Personne n'irait attaquer le principe de l'écriture, de la cinématographie ou de la parole pour des messages malheureux ou mal-compris...
realaze
Le 26 Octobre 2009 à 19h46
Il y a derrière ce genre de réaction une volonté non-exprimée (mais vraiment puante) de vouloir contrôler Internet, comme on contrôle aujourd'hui les médias "traditionnels".
Nicobi
Le 26 Octobre 2009 à 19h50
bof, les gens sont aussi stupides qu'avant, on le voit juste davantage avec internet.
munrau
Le 26 Octobre 2009 à 19h57
Je vais ptet dire une banalité, mais au fond le journaliste est un commerçant comme les autres : pour bouffer, il vend un produit + ou moins authentique et du terroir, de l'info.

C'est ptet ça qu'il est insupportable pour les journalistes, d'avouer et de reconnaitre.

On doit tous bouffer, tous faire des compromis, le probleme est que les journalistes/animateurs se parent de vertu, de reflexion, de deontologie, alors que ce n'est simplement pas possible en raison que c'est un métier dont ils vivent.

A la base le journalisme est un métier, donc soumis à la loi de l'argent comme tous autres. Sauf qu'un journaliste refuse d'admettre qu'il exerce un métier comme tous les autres, et que lui même est tout sauf un rebelle communiquant.
longcat
Le 26 Octobre 2009 à 20h00
si une expression comme "la dérive d'internet" n'est pas considérée comme absurde, c'est parce que peu de gens comprennent qu'internet est un outil de communication. "La dérive du téléphone", "la dérive du courrier"...
munrau
Le 26 Octobre 2009 à 20h02
ps: il y a bien des etiquettes spécifiant le contenu reel des produits alimentaires (colorants, acidifiants, % de graisse, % de sucre etc) pour avertir le consommateur.

Pourquoi n y aurait il pas une étiquette systematique obligatoire sur les articles et leurs auteurs, pour avertir le consommateur du contenu reel ou caché ^^ ?

On n'ecrit pas un article sur les 35h de la même façon si on bosse au monde diplomatique ou au figaro.
Amaury
Le 26 Octobre 2009 à 20h43
Forcément, s'ils trainent que sur 4chan, ils vont trouver de la colère et de la débilité sur le web ^^
tutonic
Le 26 Octobre 2009 à 21h09
Heureusement qu'il y a de la colère! La liberté se rétrécit comme une peau de chagrin, et tous les journalistes ne se ressemblent pas!
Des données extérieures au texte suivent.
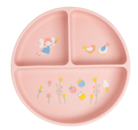 Prato De Silicone Com Ventosa e Divisórias Fadinha Rosa Büp Baby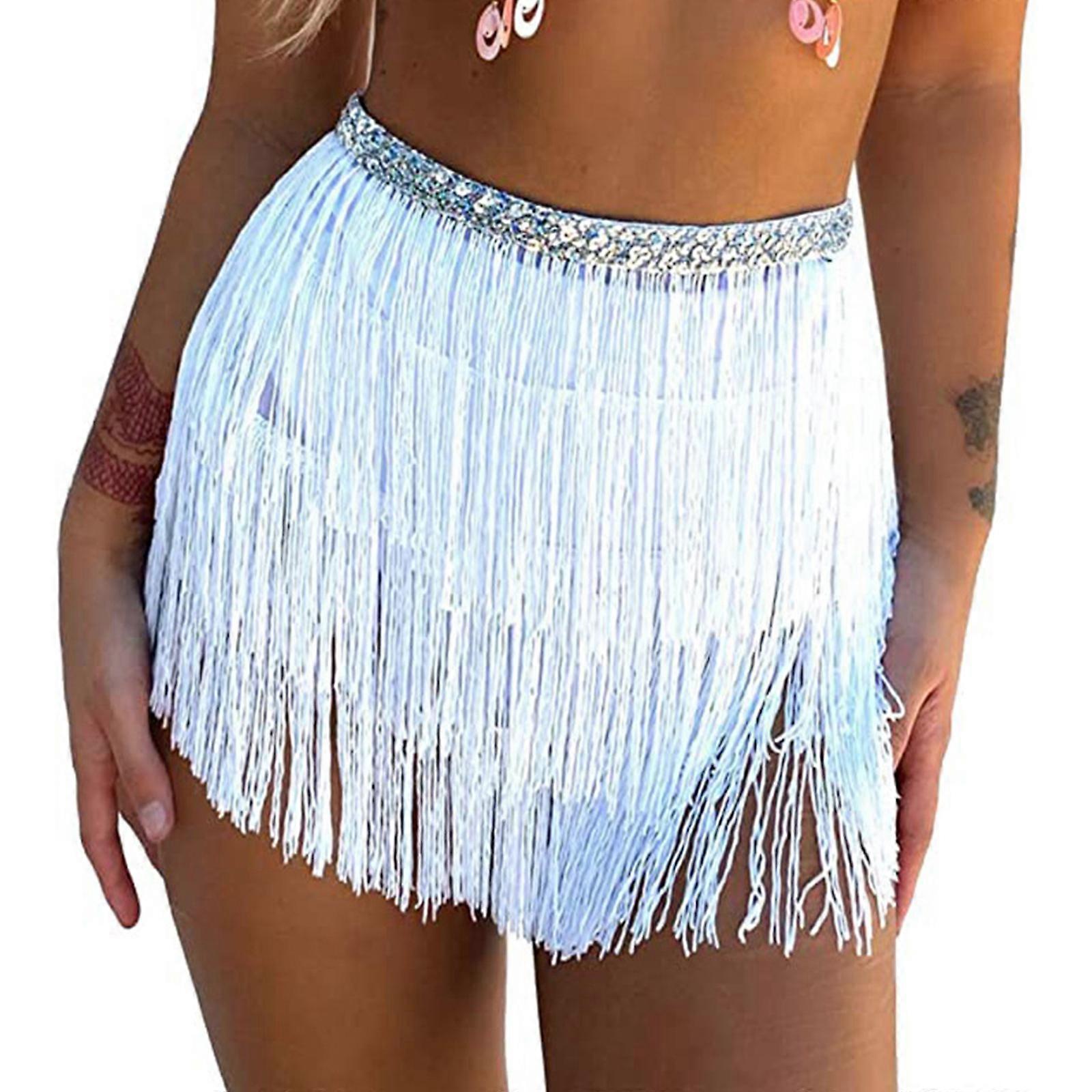 Womens Belly Dance Skirt Tassel Fringe Hip Scarf Adjustable Strappy Wrap Rave Skirts Club Festival Halloween Costume White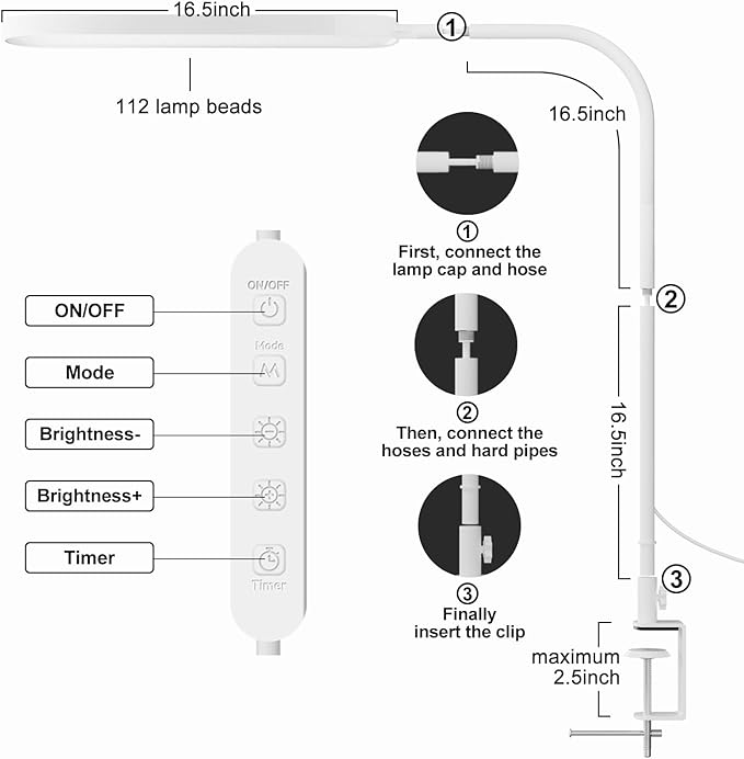 - Brightness: Set up a home office. SKYLEO clip on lamp with 1300 lumens(112 Pcs Lamp Beads), different brightness(3000~6000K) , And CRI≥90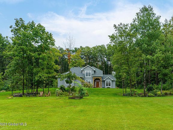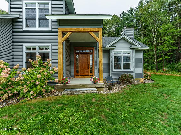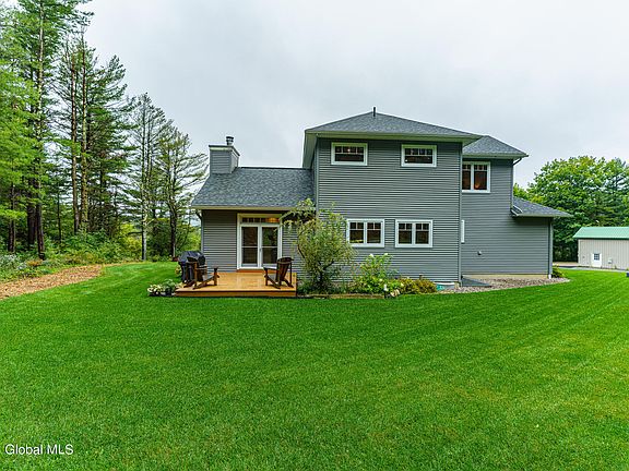 Beautiful custom 3 bedroom, 2 ½ bath home with stunning views, landscaping & privacy. Large eat-in kitchen with Kitchenaid stainless steel appliances, custom Amish crafted cabinets with Sheldon slate countertops. Large open family room with 44'' fireplace, Adirondack stone surround & built-ins. Oversized mudroom with laundry, half bath & dining room complete the first floor. Primary bedroom with custom walk-in & ensuite, two additional bedrooms & full bath upstairs. Sheldon slate shower, flooring & countertops, Amish milled maple flooring, Anderson 400 windows & door with transoms, zoned HVAC & entirely custom Rogue Valley front entrance door. Oversized attached garage, gardening shed & insulated 30 x 48 outbuilding with water, etc. Agent owned property.

Certains sont à la botte, d'autres courageux et d'autres un brin inconscients! J'ai eu la chance de voir Michel Polak (droit de réponse), inimaginable de nos jours. Internet a ceci de particulier, l'extrême réactivité des internautes, même si l'info est parfois brute de béton et le pouvoir en a peur, mais c'est notre dernier espace de liberté et puis des fois il y a des satisfactions: hein! le fils de....
rotabla
Le 26 Octobre 2009 à 21h18
Mais enfin, arrêtons d'appeler journalistes des gens qui ne le sont pas, avoir une carte de presse ne fait pas de vous un journaliste, dans 99% des cas ce sont juste des perroquets ou des petits scribouillards du dimanche, D'OU leur crainte de se faire damer le pion par les intervenants du net, qui bien souvent savent en faire autant qu'eux, si ce n'est le plus souvent nettement mieux.
Yarman
Le 26 Octobre 2009 à 21h30
C'est surtout le propre des médias français d'être particulièrement soft avec les politiques, c'est connus et ça ne date pas d'hier. Ailleurs ça se passe autrement, en GB et les notes de frais par exemple, avec beaucoup de colère et de ressentiment. Une des raisons du divorce des médias et du peuple, et pourquoi ce dernier s'est tourné vers le net, à mon sens, c'est que les médias traditionnels sont tout chose face au politique. Il n'y a que les humoristes (et encore) qui la licence de pouvoir oser la critique. Pour moi le vrai ressentiment voir la colère, c'est celle des médias traditionnels qui se font totalement débordés par le net et se retrouvent fasse à des analyses (blogas notamment) de toutes sortent mais surtout (et souvent) plus pertinentes que les leurs parce qu'issues de gens qui ont plus à matière à traiter qu'eux.
Timekeeper
Le 26 Octobre 2009 à 21h31
(suivez notre regard qui louche)

:ptdr: On vous aime "quand-même" ^^ *tousse* Mais on vous aimerais encore plus avec un lien sur les news amenant directement vers le topic associé du forum *tousse*


PS : suis-je le seul, en lisant les propos d'Apathie cité, à les avoir associés à la voix de sa marionette aux Guignols ? :Hein:
Yarman
Le 26 Octobre 2009 à 21h34
Amaury, le 26/10/2009 - 20:43
Forcément, s'ils trainent que sur 4chan, ils vont trouver de la colère et de la débilité sur le web ^^

Ou somethingawful.com
"The Internet is serious business" Mr Apathie ^^
Fren
Le 26 Octobre 2009 à 21h40
Mais enfin, arrêtons d'appeler journalistes des gens qui ne le sont pas, avoir une carte de presse ne fait pas de vous un journaliste, dans 99% des cas ce sont juste des perroquets ou des petits scribouillards du dimanche, D'OU leur crainte de se faire damer le pion par les intervenants du net, qui bien souvent savent en faire autant qu'eux, si ce n'est le plus souvent nettement mieux.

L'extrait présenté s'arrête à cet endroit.